A análise temática dos dados permitiu sua organização em quatro temas: “Decisão ponderada”, “Planejamento”, “Atuação na resolução de problemas” e “Ação para a melhoria” (Figura 2). Esses temas correspondem às intervenções da equipe multiprofissional que promovem segurança no transporte de pacientes em estado crítico.

Figura 2
Síntese das principais intervenções da equipe multiprofissional.

Decisão ponderada

A decisão ponderada no transporte se relaciona à avaliação de aspectos organizacionais e à coordenação dos recursos existentes. Na maioria dos estudos, aponta-se que a decisão ponderada sobre o transporte deve ser favorável quando os benefícios são maiores que os riscos, a fim de que as necessidades de saúde dos pacientes sejam atendidas.

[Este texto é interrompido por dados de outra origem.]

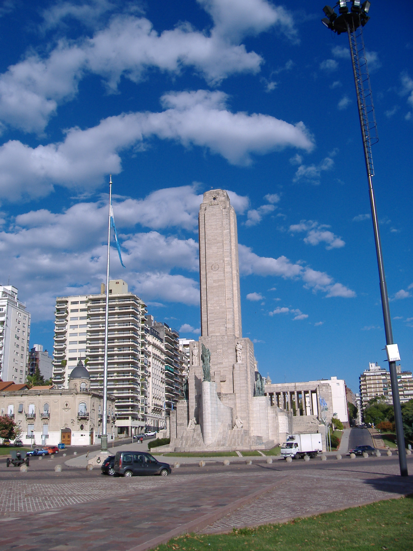 The National Flag Memorial (Monumento Nacional a la Bandera) in Rosario, Argentina, near the banks of the Paraná River. The picture was taken by me, Pablo D. Flores, on 1 March 2006.
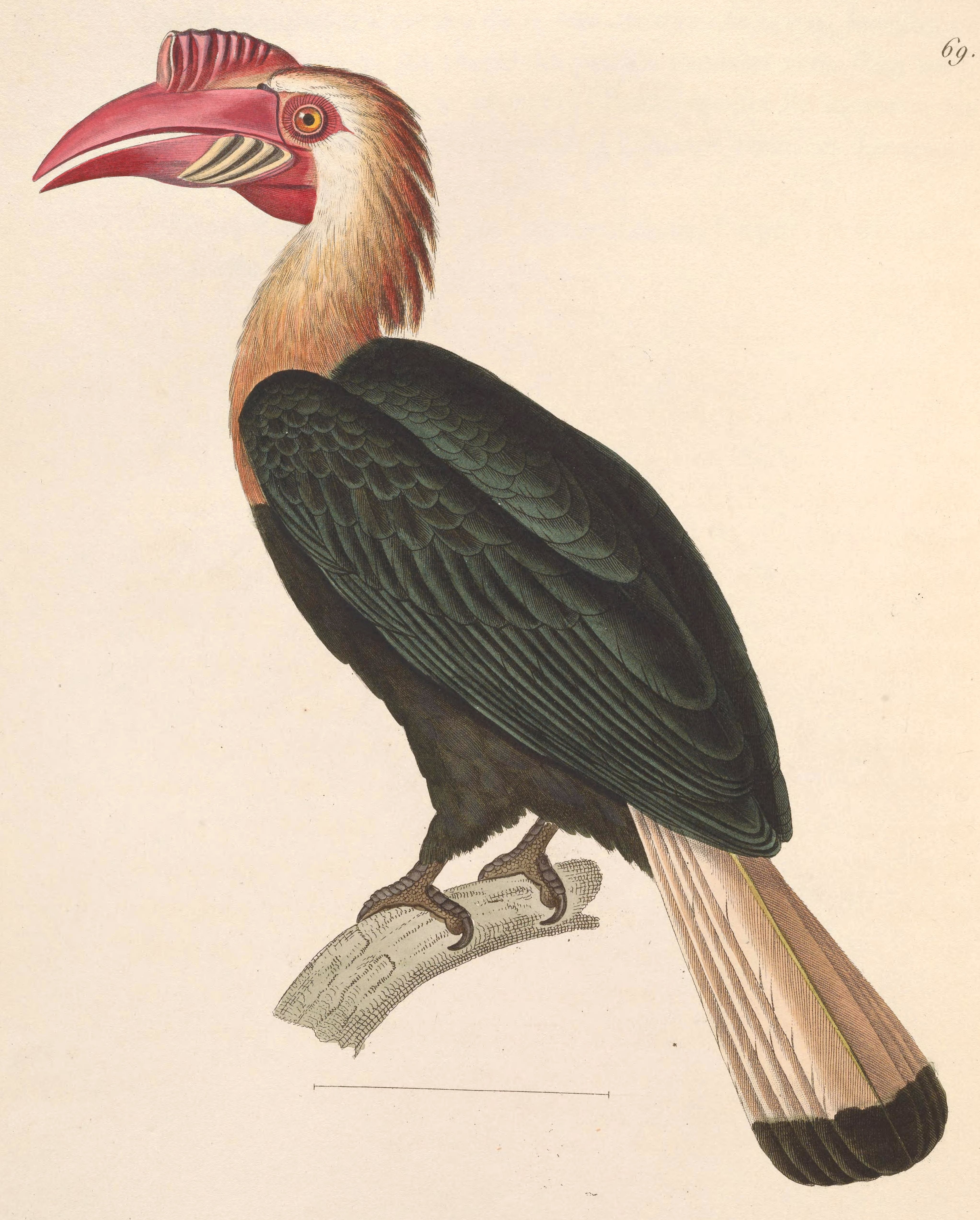 « Buceros sulcatus » = Aceros leucocephalus (Writhed Hornbill) - adult male

Essa decisão envolve avaliar aspectos organizacionais do ambiente de cuidados, como a adequação da equipe multiprofissional à especificidade do transporte e às características clínicas do paciente.22,25,32 A adequação da equipe que realiza o transporte se refere à sua competência para coordenar recursos existentes, como a alocação e a otimização dos recursos humanos, materiais e temporais de que dispõe.23,27,29,33,35

Diante disso, a decisão sobre o transporte deve ser ponderada quanto aos seus benefícios e potenciais riscos, evitando o dano do paciente e promovendo a sua segurança.

Planejamento

O planejamento do transporte de pacientes em estado crítico tem como foco o desenvolvimento de competências da equipe multiprofissional e sua capacidade para antecipar e estabilizar prioridades clínicas, otimizar equipamentos e transmitir informação clínica por meio de comunicação e documentação.

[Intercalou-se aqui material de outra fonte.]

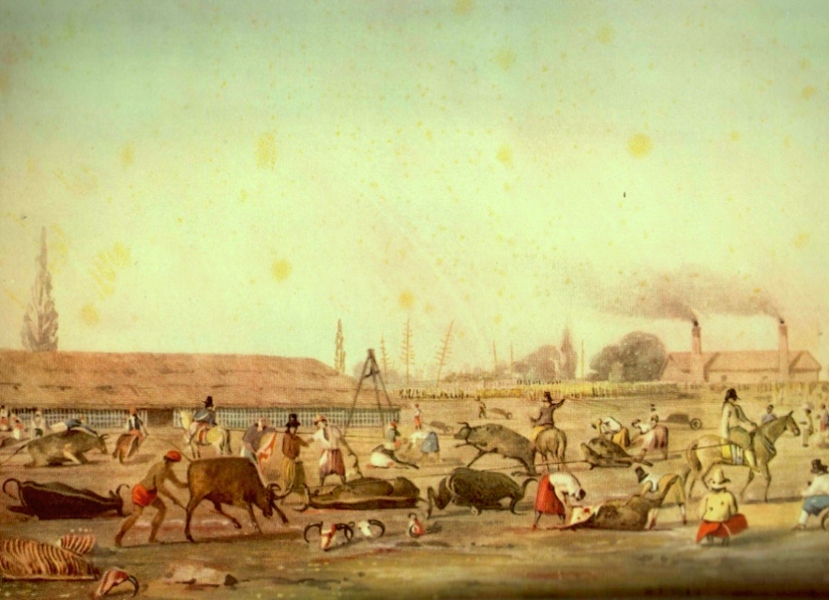 Buenos Aires "Matadero" (slaughterhouse) in 1829.

O desenvolvimento de competências centra-se na ideia de que a segurança no transporte é promovida quando ele é realizado por uma equipe qualificada e experiente, devidamente formada e com treinamento na área.25,30,33 Foca-se, assim, o domínio e a competência obtidos a partir da experiência profissional,22,28,29,33-35 da familiarização com o cuidado ao paciente em estado crítico22 e do aprendizado informal em contexto de trabalho.28 Ao mesmo tempo, realça-se o aprendizado adquirido por meio da manutenção da formação académica33 e do desenvolvimento de programas educativos que permitam a formação sistemática e o treinamento intensivo nessa área.22,23,27,28,31,35

Esse desenvolvimento permite que a equipe tenha competência para antecipar necessidades decorrentes da condição clínica do paciente ou do próprio transporte,24,27,32 assim como para reconhecer situações de risco de vida, intervindo precocemente na estabilização de prioridades clínicas.33

O planejamento do transporte também diz respeito à preparação e à otimização do equipamento de monitorização, ou seja, verificar se é adequado às necessidades do paciente e corretamente utilizado pela equipe.23,30,32 Assume-se a mesma importância quanto à utilização do equipamento de proteção individual na prevenção e no controle de infeção, especificamente na pandemia de covid-19 que se vive.22

Por fim, a transição segura de cuidados também faz parte de um planejamento adequado. Ela ocorre por meio de uma comunicação eficaz,23,26,27,29,32,33,36 com recurso a instrumentos auxiliares de comunicação (como mnemónicas),29 traduzindo-se numa adequada transferência de responsabilidades23,29,36 e numa correta documentação.28,29

Diante disso, o planejamento do transporte foca-se na coordenação, na comunicação, na estabilização do paciente, na preparação (da equipe, do equipamento e do tipo de transporte) e na documentação.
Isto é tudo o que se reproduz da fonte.